E' Roberto a raccontarlo, mentre la moglie Eva sorride (con l'aria di chi la sa lunga) e mostra il lusso dei gioielli barbarici, in perle e catene, avvolti nella mussola o nel silicone, per dare a tutto, anche ai bijoux, quella patina magica che e' propria della nuova collezione. Dunque, per trovare ispirazione ''stavolta avevo cominciato con Erte', poi mi ero messo a guardare qua e la' nel passato, alla fine - racconta lo stilista - ho preso tutto quello che e' stato Cavalli negli anni, i nostri lavori, le stampe, i ricami, ed e' venuta fuori un'immagine bellissima, una sintesi perfetta. Ma ogni capo era difficilissimo da realizzare, di una difficolta' unica, mai avuta prima d'ora.
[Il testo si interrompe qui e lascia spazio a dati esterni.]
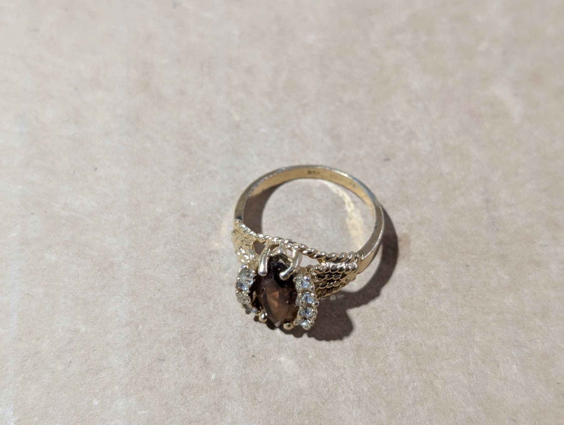 Stamped 14K Ring W/ Amber Color Gem Stone (Unverified)

A un certo punto ero sicuro di non farcela a sfilare e ho detto 'ragazzi, non importa, prendiamo le cose dell'archivio, facciamo dei cambiamenti e andiamo in passerella'. E invece, improvvisamente, tutto e' andato a posto. Da pochi giorni tutto gira, tutto e' pronto''.

Un parto difficile ma un risultato eccellente. Il focus e' sulla ''armatura di luce''. Qui non siamo di fronte ai soliti, seppur belli, vestiti da sera sexy firmati Cavalli: l'abito stavolta e' il risultato stratificato di tante idee che portano nella medesima direzione. Ci sono dei fuseaux ricamati sotto al velo sottile di una tutina animalier, sopra c'e' l'abito di chiffon con una mescola di maculati, praticamente tutta la storia delle stampe Cavalli, ma unificate da un serpente barocco. C'e' uno splendore primitivo nelle cotte ricamate fittamente di scaglie metalliche e appoggiate sullo chiffon plissettato e fermato. La silhouette e' lunga e sottile, scivola addosso alle modelle con il garbo della sensualita' naturale. Non c'e' niente di strippato, nessuna scollatura esagerata, tutto e' sussurrato eppure l'immagine e' forte, eccome. E se la sera e' sempre in lungo, il giorno riscopre nel corto la stessa leggerezza, anche con i toni piu' chiari del grigio perla e del beige: abitini iperfemminili in maculato plissettato e lievemente ricamato, con gilet e giacche in velluto, anche devore' a motivo barocco e a ricami metallici di serpenti stilizzati, con giacchine di piume di fagiano reale o cardigan di striscioline di pelliccia cucita sullo chiffon sbieco. Calze di lana coprenti e mocassini altissimi con tacco di corno completano un'immagine giovane che, nonostante la ricchezza del tutto, si fonde senza mai essere esagerata.

Di giorno e di sera lo stile e' comunque unificato (come solo nelle sfilate riuscite) ed e' quello di una elegante hippy selvaggia (non solo per giovani: e' piaciuta a tutte le eta'), sempre con monili al collo, decori di piume, sciarpine che sono lunghe strisce di tessuti differenti unite da 300 bottoncini. Che dire ancora, se non che la scenografia esalta la sfilata, all'Arco della Pace, in una struttura a ridosso del monumento, su una passerella di 40 metri in parquet antico, con inserti di metallo, sotto la luce sfavillante di lampadari barocchi.